Use of quotations are allowed for education or critical evaluation as long as the author is credited (article 10). If that does not describe Sensei's Library then why are we here?
That's pretty helpful. On a separate issue: I think 1st Saikyo - League - Go Seigen vs Fujisawa Hosai etc. is not a good naming scheme for these pages. Unless we plan to have only the one game. Maybe PlayerWhiteName-PlayerBlackName-YYYY-MM-DD, or something like that would be better.
Charles I'd like to point out, firstly, that these pages are reproducing not just a game record, but variation diagrams from a book. Secondly, it is certainly an open question to what extent chess practice is acceptable, or accepted in the go world.
PurpleHaze: I'd like to point out that these pages are not reproducing variation diagrams from a book. Some of the variation diagrams bear some similarity to diagrams that occur in the book. At least half are entirely my creation, based on notes in the text. Some are a sequence of two or three diagrams inspired by a single diagram with additions from the text, some are single diagram composed from multiple diagrams.

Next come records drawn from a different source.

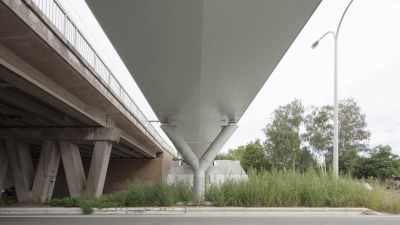 <p>De drie stalen fietsbruggen beantwoorden aan eenzelfde vormentaal. Een uitgepuurd dwarsprofiel, dat samengesteld is uit louter constructieve elementen in plaatstaal, samengebracht tot een eenvoudige architecturale vorm. Voor de fietsbrug over de Volhardingslaan wordt de totale overspanning van 42,50 m gehalveerd door het plaatsen van een centrale gevorkte betonnen pijler.</p>
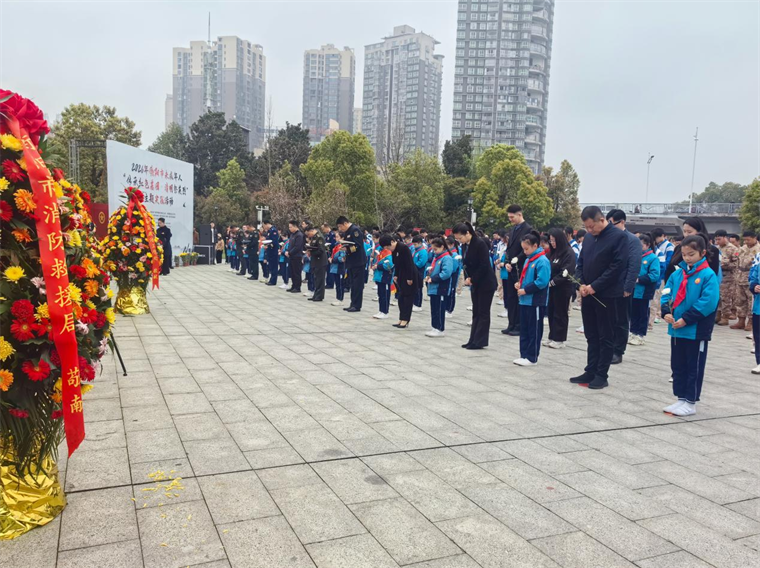 3月27日,2026年湖南省衡阳市“我们的节日·清明”暨未成年人“传承红色基因·清明祭英烈”文明实践主题活动在湘南学联英烈群雕像前举行。
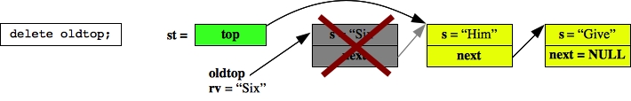 Pop() on the other hand, needs to store the string that is on the first node, remove that node from the stack, and return the stored string. Since Push() called new, Pop() must call delete. Otherwise, our stack implementation will have a memory leak.
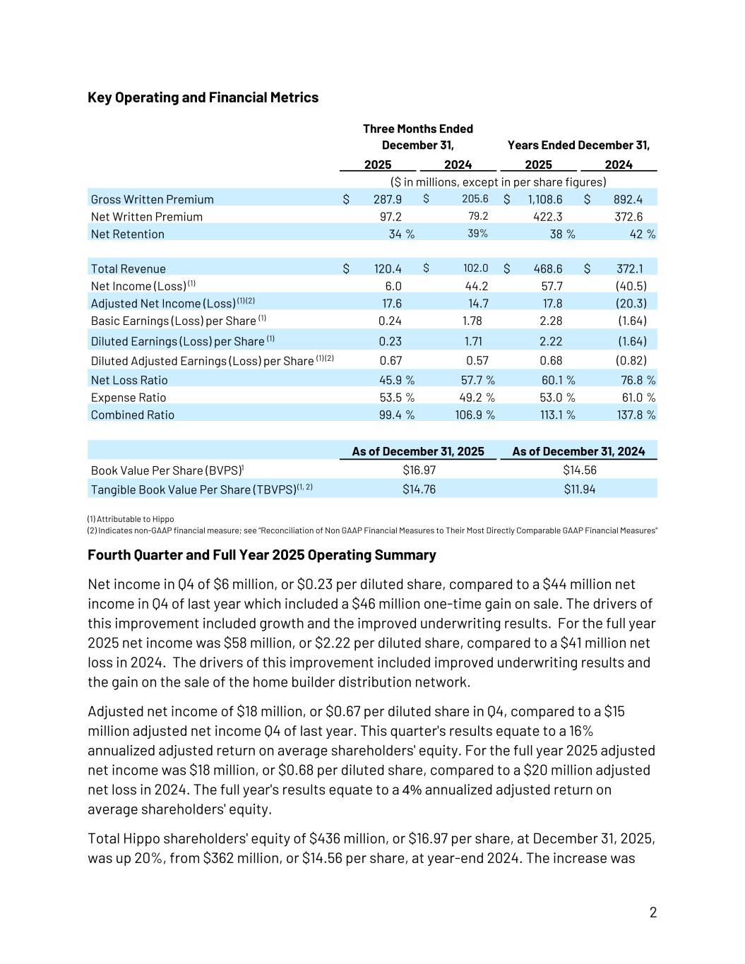 Key Operating and Financial Metrics Three Months Ended December 31, Years Ended December 31, 2025 2024 2025 2024 ($ in millions, except in per share figures) Gross Written Premium $ 287.9 $ 205.6 $ 1,108.6 $ 892.4 Net Written Premium 97.2 79.2 422.3 372.6 Net Retention 34 % 39 % 38 % 42 % Total Revenue $ 120.4 $ 102.0 $ 468.6 $ 372.1 Net Income (Loss) (1) 6.0 44.2 57.7 (40.5) Adjusted Net Income (Loss) (1) (2) 17.6 14.7 17.8 (20.3) Basic Earnings (Loss) per Share (1) 0.24 1.78 2.28 (1.64) Diluted Earnings (Loss) per Share (1) 0.23 1.71 2.22 (1.64) Diluted Adjusted Earnings (Loss) per Share (1) (2) 0.67 0.57 0.68 (0.82) Net Loss Ratio 45.9 % 57.7 % 60.1 % 76.8 % Expense Ratio 53.5 % 49.2 % 53.0 % 61.0 % Combined Ratio 99.4 % 106.9 % 113.1 % 137.8 % As of December 31, 2025 As of December 31, 2024 Book Value Per Share (BVPS)1 $16.97 $14.56 Tangible Book Value Per Share (TBVPS) (1, 2) $14.76 $11.94 (1) Attributable to Hippo (2) Indicates non-GAAP financial measure; see “Reconciliation of Non GAAP Financial Measures to Their Most Directly Comparable GAAP Financial Measures" Fourth Quarter and Full Year 2025 Operating Summary Net income in Q4 of $6 million, or $0.23 per diluted share, compared to a $44 million net income in Q4 of last year which included a $46 million one-time gain on sale. The drivers of this improvement included growth and the improved underwriting results. For the full year 2025 net income was $58 million, or $2.22 per diluted share, compared to a $41 million net loss in 2024. The drivers of this improvement included improved underwriting results and the gain on the sale of the home builder distribution network. Adjusted net income of $18 million, or $0.67 per diluted share in Q4, compared to a $15 million adjusted net income Q4 of last year. This quarter's results equate to a 16% annualized adjusted return on average shareholders' equity. For the full year 2025 adjusted net income was $18 million, or $0.68 per diluted share, compared to a $20 million adjusted net loss in 2024. The full year's results equate to a 4% annualized adjusted return on average shareholders' equity. Total Hippo shareholders' equity of $436 million, or $16.97 per share, at December 31, 2025, was up 20%, from $362 million, or $14.56 per share, at year-end 2024. The increase was 2

Not a question of chess practice, one of law. Just happens that chess players have litigated it repeatedly to give us a body of precedent.
Bob McGuigan: I think most of the discussion of copyright issues and game records on r.g.g. tended toward the conclusion that the sequence of moves in the actual game is not subject to copyright but analysis is. However, in monkey wrench mode, a "record" is some kind of written document and was produced by someone so wouldn't whoever first recorded the game have copyright?
Charles Yes, that's a reasonable argument; the copyright would be (understood as) assigned from the official recorder to the sponsor, in the typical Japanese situation. A player who wrote down the game afterwards (as pros do) from memory, as a personal record, would be assumed to have copyright in that. Whether or not this stands up legally, I think the traditional understanding of the position stems from this sort of reasoning. In particular, there is no presumption that game records are ever published (as in chess there tends to be).
PurpleHaze: This is exactly the chess situation. The sponsors "claim" ownership of the game records (in chess both players are required to record the game). In fact the conditions of contest almost always insert a clause to the effect that "the game records are the property of the sponsor". When such organizations have attempted to claim copyright they have failed.
In chess there is certainly no presumption that game records are published, I doubt that the percentages of records published is substantialy different than go.
Cheyenne "IANAL" -- I believe from what I have been reading about copyright (I was looking into some issues for my wife and knitting patterns). You cannot copyright facts. What you can copyright is how the facts themselves are presented. For example, one cannot copyright a receipe, which is a list of ingredients and the process for combining them. What you can copyright however is how you present that list, the "story" on how your great grandmother handed down the receipe, etc. The straight game record itself is a fact. Any commentary added to the game record, any analysis, variations, etc. could be copyrighted however. How the game record is presented in a tangable form could be copyrighted (i.e. the presentation itself is copyrightable)
Here is the FAQ from the copyright office
Bill: My impression, from various discussions on rec.games.go, is that Japanese law extends copyright to go and shogi game records. I do not think that that binds us, however.
Diagrams in commentary raise an interesting question. They are plainly expressions of ideas. OTOH, there seems to be only one way (or an equivalent, such as listing coordinates) to express those ideas. So are they copyrightable or not? A musical score seems like a good analogy.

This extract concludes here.